**Dataset extract:**
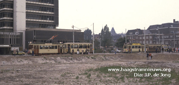 Ter hoogte van Vroom & Dreesman wordt de tram nog even losgekoppeld voor de fotografen.
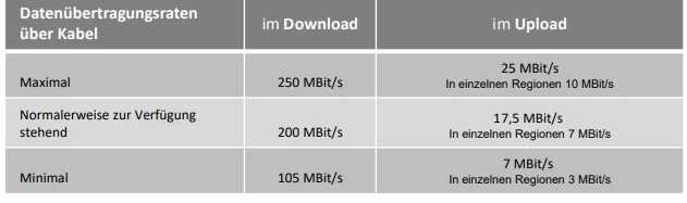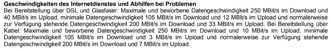 Den Upload finde ist nicht das, was mir am Telefon beim Vertragsabschluss versprochen worden ist aber habe ich danach in den Vertragsdaten auch gesehen, das man sich hier sehr viel Spielraum offen lässt.
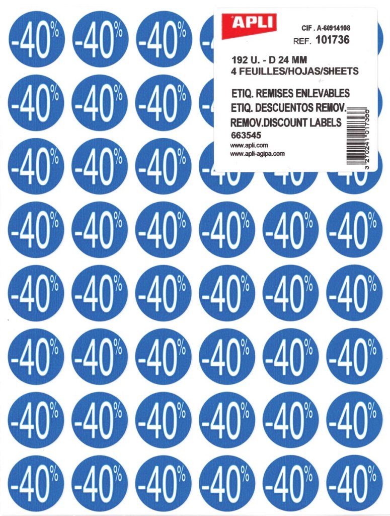 Agipa Etiquettes remises -40%, bleu, paquet de 192 pieces, e
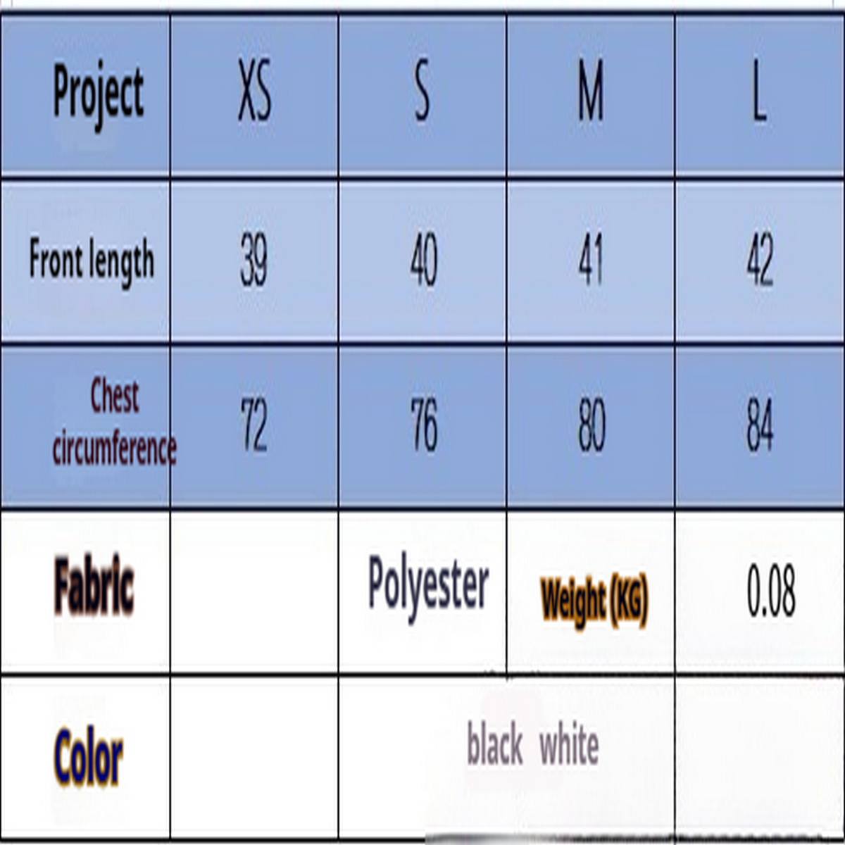 - Material: Polyester (polyester fiber)- Size: XS, S, M, L- Weight: 80g
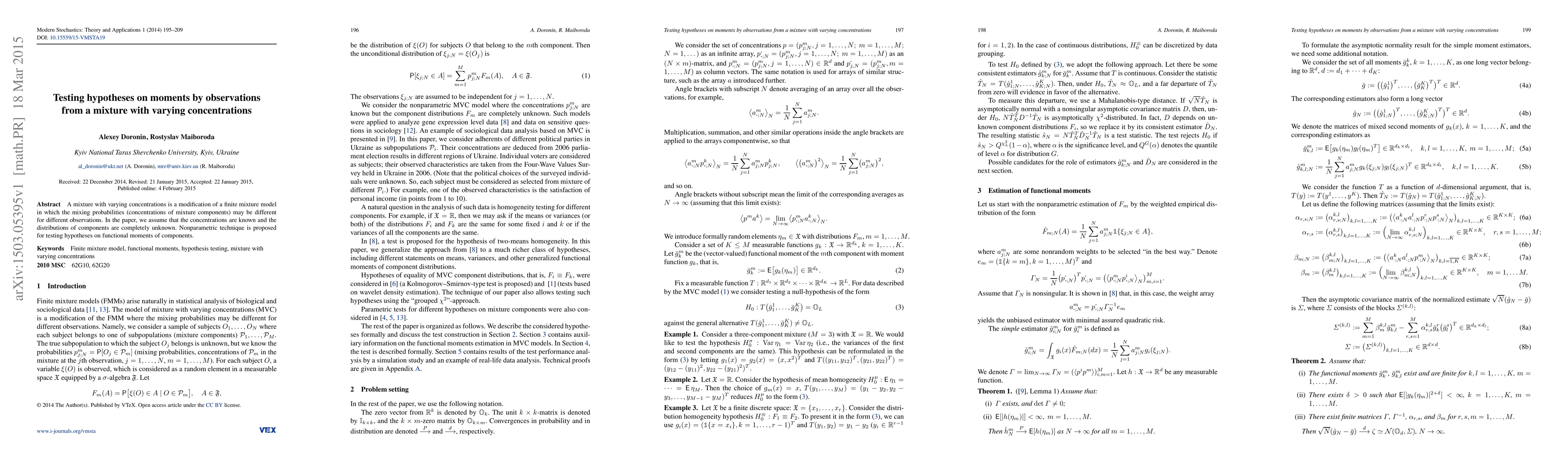 Summary: This paper proposes a nonparametric method for testing hypotheses on functional moments of components in a mixture model with varying concentrations, where the mixing probabilities are known and component distributions are completely unknown.
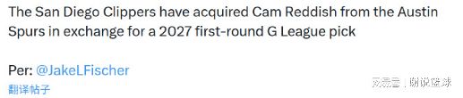 根据记者杰克-费舍尔报道,湖人旧将卡姆-雷迪什,已经前往发展联盟效力。说起来还有些一波三折,本来雷迪什隶属于奥斯汀马刺,但圣地亚哥快船队似乎很喜欢他,不惜用一个明年发展联盟首轮签,把雷迪什给换回来。
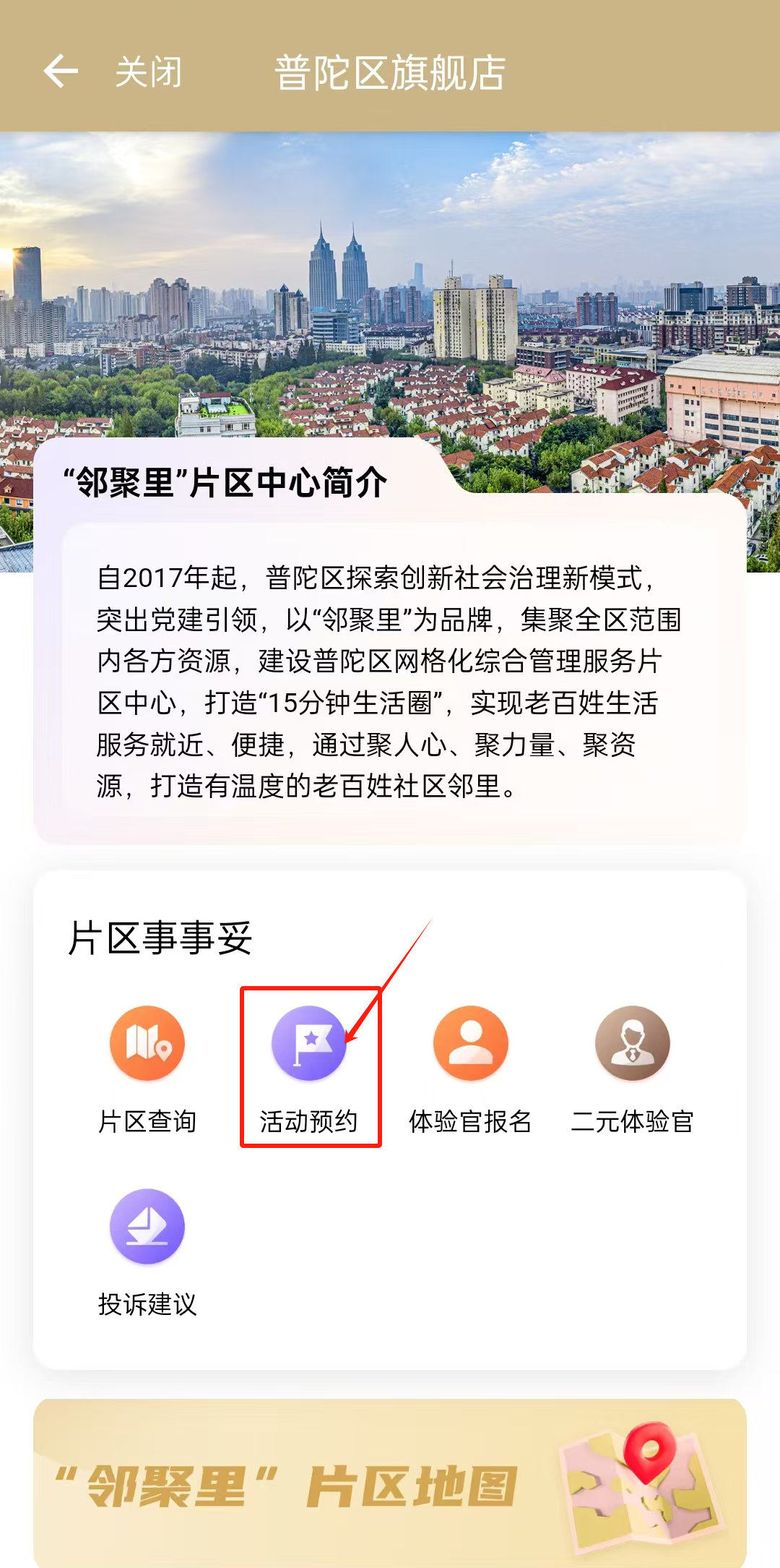 第三步:进入页面,大家可以看到的第一个功能区域就是“片区事事妥”,各位居民朋友如果需要报名一些活动,可以点击活动预约,选择自己感兴趣的活动进行报名
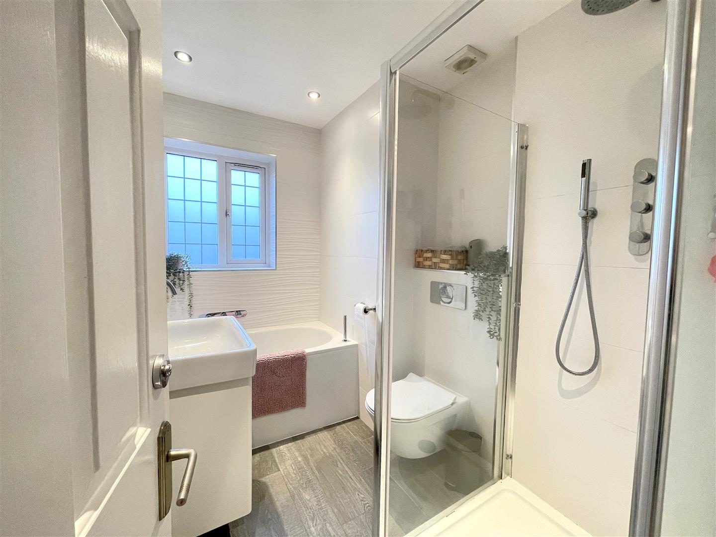 Modern white suite comprising panel enclosed double ended bath with chrome wall mounted tap plate and separate shower attachment, large wash handbasin with modern chrome three-piece tap set and drawers below, large tiled shower cubicle with modern chrome shower fittings, low-level WC with concealed cistern and push button flush, tiled walls with feature tiled wall, UPVC double glazed leaded light window to front aspect, chrome radiator/towel rail, extractor fan.
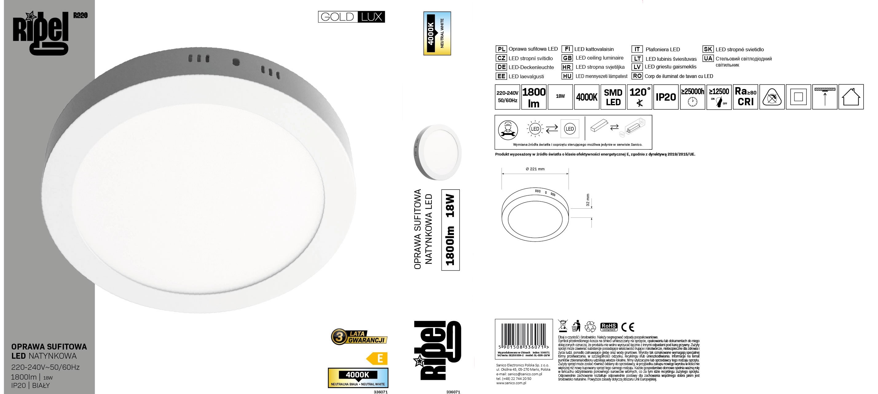 Zastosowane diody LED charakteryzują się wysoką skutecznością świetlną oraz bardzo długą żywotnością - do 25000 godzin pracy. Źródło światła o mocy 18W emituje strumień świetlny na poziomie 1800 lumenów.
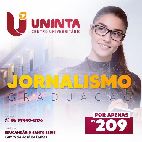 Por esses e vários motivos, convidamos você para fazer sua graduação em jornalismo no CENTRO UNIVERSITÁRIO UNINTA, pagando uma mensalidade que cabe no seu bolso, apenas *$209 aulas on-line, você estuda de onde estiver e o seu diploma é igual ao do presencial.
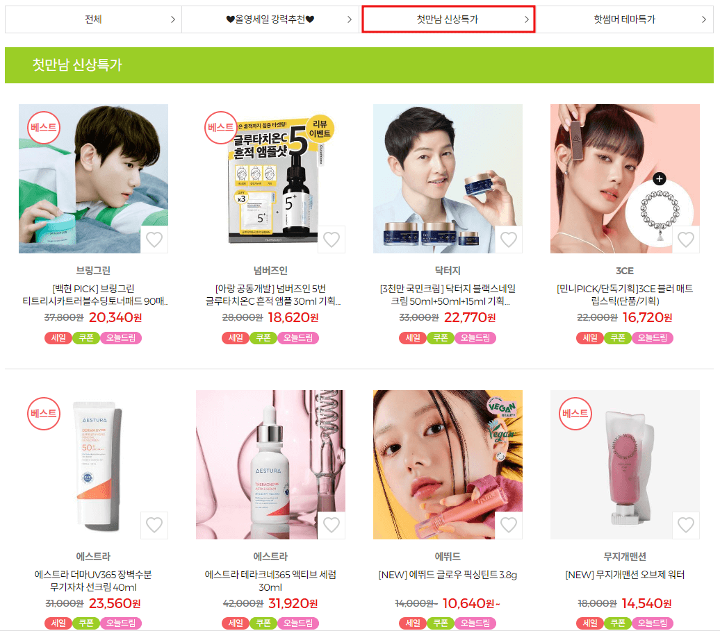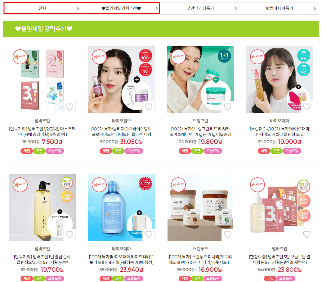 이번 올영세일에 올영의 베스트 브랜드들이 많이 참여하고 있습니다. 백현이 모델로 있는 브링그린, 닥터지, 달바, 키스미, 라보에이치 등 여러 브랜드가 세일에 동참하고 있고 올영세일 강력추천 아이템부터 첫 만남 신상특가, 핫썸머 테마특가까지 여러 종류의 다양한 제품들이 세일을 하고 있습니다. 아래는 강력 추천 아이템들입니다.
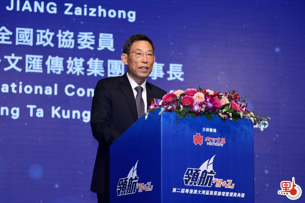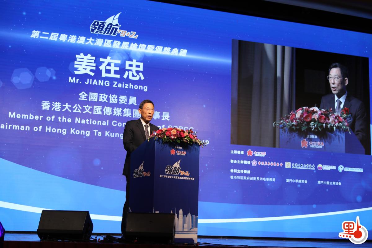 由香港大公文匯傳媒集團聯合香港廣東社團總會、香港中國企業協會、香港中資銀行業協會、大灣區金融科技促進總會共同舉辦的「領航『9+2』·第二屆粵港澳大灣區發展論壇暨頒獎典禮」,今日(5日)上午在香港舉行。全國政協委員、香港大公文匯傳媒集團董事長姜在忠致辭表示,在社會秩序由亂及治,經濟發展恢復生機的同時,我們也應當清醒地看到,目前香港仍面臨產業發展單一、經濟結構固化、增長動力不足等問題。破解這些問題,需要依靠發展這把「總鑰匙」,利用好粵港澳大灣區建設這一重要平台,擁抱新經濟浪潮,融入國家發展大局。
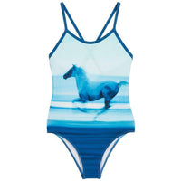 Sunuva girls blue swimsuit with a pretty horse print on the front. Made from smooth and stretchy fabric that has UV sun protection of 50+ to protect delicate skin.
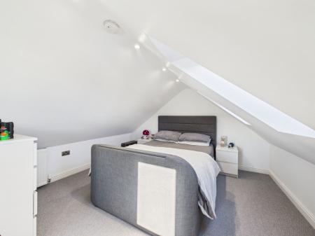 A delightful double bedroom with two Velux windows and window to the side, radiator.
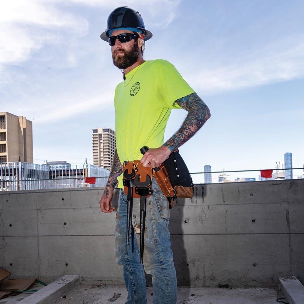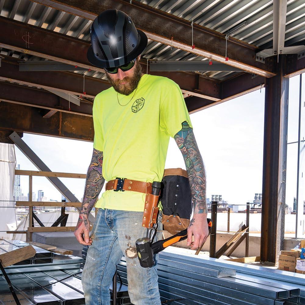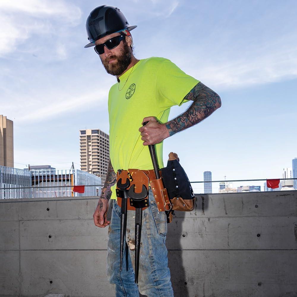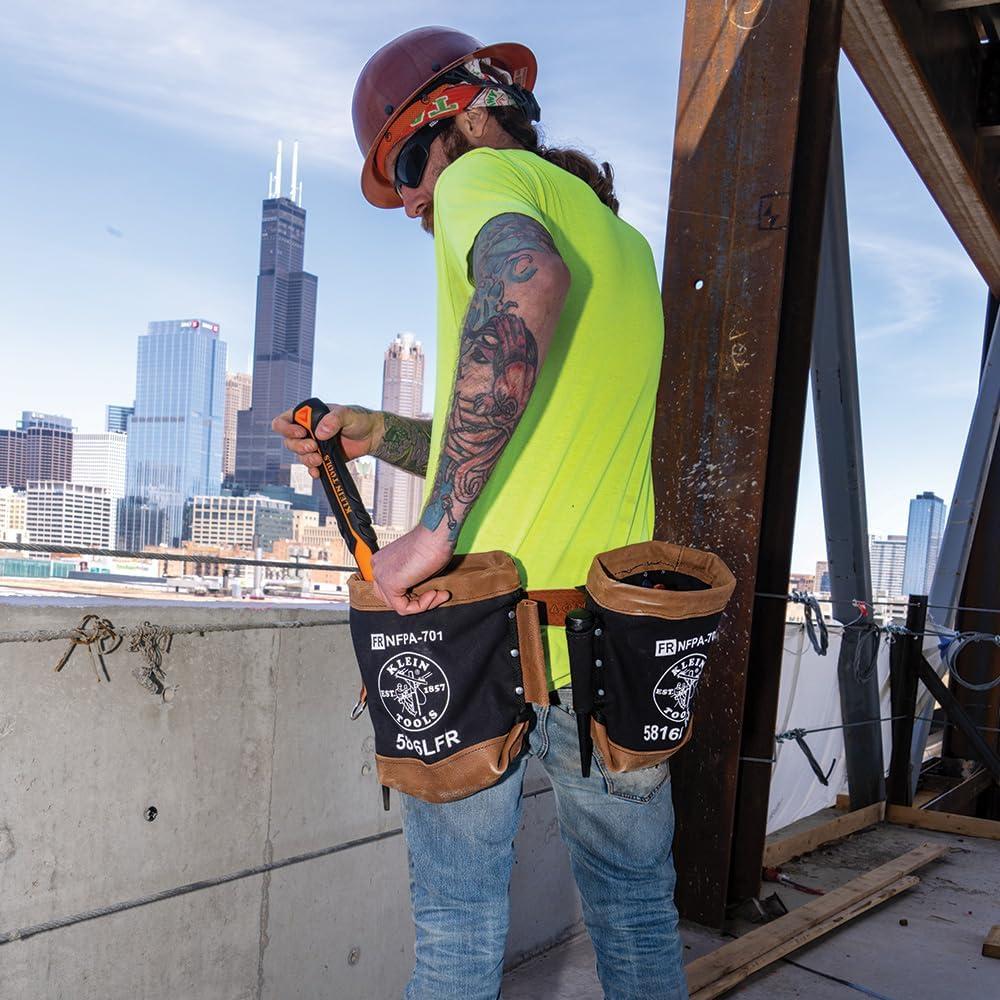 Klein Tools' Hybrid Leather and Flame-Resistant Bolt Bag ensures durability and convenience for trade professionals. Featuring a snap hinge rim for effortless tool access and secure closure, reinforced rim and bottom to endure daily use, and strategically placed straps with tunnel loops ensuring a snug fit around your harness. Manufactured in the USA with global components and certified to meet NFPA-701 flame-resistant standards for lasting performance in demanding work environments. For more than 160 years, Klein Tools has manufactured premium-quality, professional-grade hand tools that deliver the performance, durability and precision needed to get the job done right. Our family of engineers, workers and craftsman continue to put six generations of expertise into every tool we create by using only the highest quality materials, superior workmanship, and keeping manufacturing as close to home as we can. Klein isn't just the name of our company, it's also our family name. And since we're an American company that's family-owned and family-run, you know you can count on us to be here tomorrow. Klein Tools doesn't just make great products, we make great products that stand up to the demands of the professionals who use them every day … Since 1857.
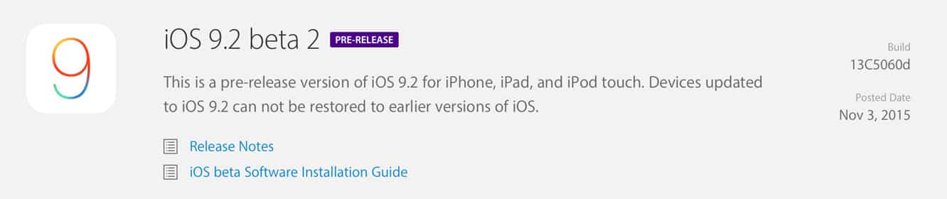 Apple is continuing its more rapid iOS development cycle with the release of the second iOS 9.2 beta to developers. This second beta, build number 13C5060d, again features sparse release notes that focus on minor fixes to UI and developer API issues, specifically focused on Apple Watch support, audio, dictionary, iCloud Keychain, networking, Safari, Video, and Wi-Fi calling.
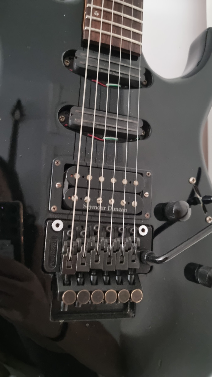 Pastillas originales Seymour Duncan, Clavijero made in japan, puente Floyd Rose II de la época.
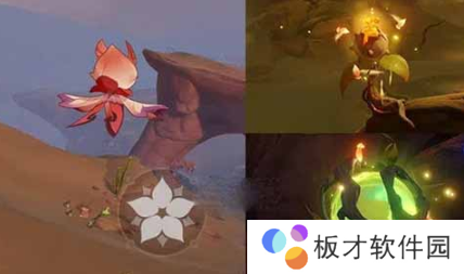5.此外,斯露莎也可以长按打开一些花苞从而生成平台,在一些光团的旁边点按技能也可以生成道路。在花圃处飞行可以使花苞绽放等。
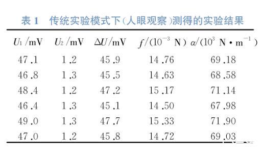人眼直接觀察數字電壓表,記錄金屬環拉斷液柱前的瞬間數字電壓表讀數U1和拉斷液柱后數字電壓表的讀數U2;測得的數據如表1所示。
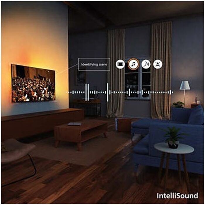Ambilight Plus passt sich der Klarheit und Dynamik Ihres Bildes an wie nie zuvor! Mit integrierten kuppelförmigen Objektiven auf der Rückseite des Fernsehers werden die Objektformen und -Bewegungen auf dem Bildschirm im Lichteffekt von Ambilight reflektiert. Möchten Sie die Stimmung ändern? Wählen Sie zwischen Kino-, Sport- oder Gaming- Modi, die zu Ihren Inhalten passen, oder lassen Sie den KI-Algorithmus die beste Einstellung für Sie auswählen.

**Problem to work on:**
In the listing above, find the line containing "根据记者杰克-费舍尔报道,湖" and the line containing "A delightful double", then output those two lines and everything between them exactly as written, without the images.

**Answer box:**
 根据记者杰克-费舍尔报道,湖人旧将卡姆-雷迪什,已经前往发展联盟效力。说起来还有些一波三折,本来雷迪什隶属于奥斯汀马刺,但圣地亚哥快船队似乎很喜欢他,不惜用一个明年发展联盟首轮签,把雷迪什给换回来。
 第三步:进入页面,大家可以看到的第一个功能区域就是“片区事事妥”,各位居民朋友如果需要报名一些活动,可以点击活动预约,选择自己感兴趣的活动进行报名
 Modern white suite comprising panel enclosed double ended bath with chrome wall mounted tap plate and separate shower attachment, large wash handbasin with modern chrome three-piece tap set and drawers below, large tiled shower cubicle with modern chrome shower fittings, low-level WC with concealed cistern and push button flush, tiled walls with feature tiled wall, UPVC double glazed leaded light window to front aspect, chrome radiator/towel rail, extractor fan.
 Zastosowane diody LED charakteryzują się wysoką skutecznością świetlną oraz bardzo długą żywotnością - do 25000 godzin pracy. Źródło światła o mocy 18W emituje strumień świetlny na poziomie 1800 lumenów.
 Por esses e vários motivos, convidamos você para fazer sua graduação em jornalismo no CENTRO UNIVERSITÁRIO UNINTA, pagando uma mensalidade que cabe no seu bolso, apenas *$209 aulas on-line, você estuda de onde estiver e o seu diploma é igual ao do presencial.
 이번 올영세일에 올영의 베스트 브랜드들이 많이 참여하고 있습니다. 백현이 모델로 있는 브링그린, 닥터지, 달바, 키스미, 라보에이치 등 여러 브랜드가 세일에 동참하고 있고 올영세일 강력추천 아이템부터 첫 만남 신상특가, 핫썸머 테마특가까지 여러 종류의 다양한 제품들이 세일을 하고 있습니다. 아래는 강력 추천 아이템들입니다.
 由香港大公文匯傳媒集團聯合香港廣東社團總會、香港中國企業協會、香港中資銀行業協會、大灣區金融科技促進總會共同舉辦的「領航『9+2』·第二屆粵港澳大灣區發展論壇暨頒獎典禮」,今日(5日)上午在香港舉行。全國政協委員、香港大公文匯傳媒集團董事長姜在忠致辭表示,在社會秩序由亂及治,經濟發展恢復生機的同時,我們也應當清醒地看到,目前香港仍面臨產業發展單一、經濟結構固化、增長動力不足等問題。破解這些問題,需要依靠發展這把「總鑰匙」,利用好粵港澳大灣區建設這一重要平台,擁抱新經濟浪潮,融入國家發展大局。
 Sunuva girls blue swimsuit with a pretty horse print on the front. Made from smooth and stretchy fabric that has UV sun protection of 50+ to protect delicate skin.
 A delightful double bedroom with two Velux windows and window to the side, radiator.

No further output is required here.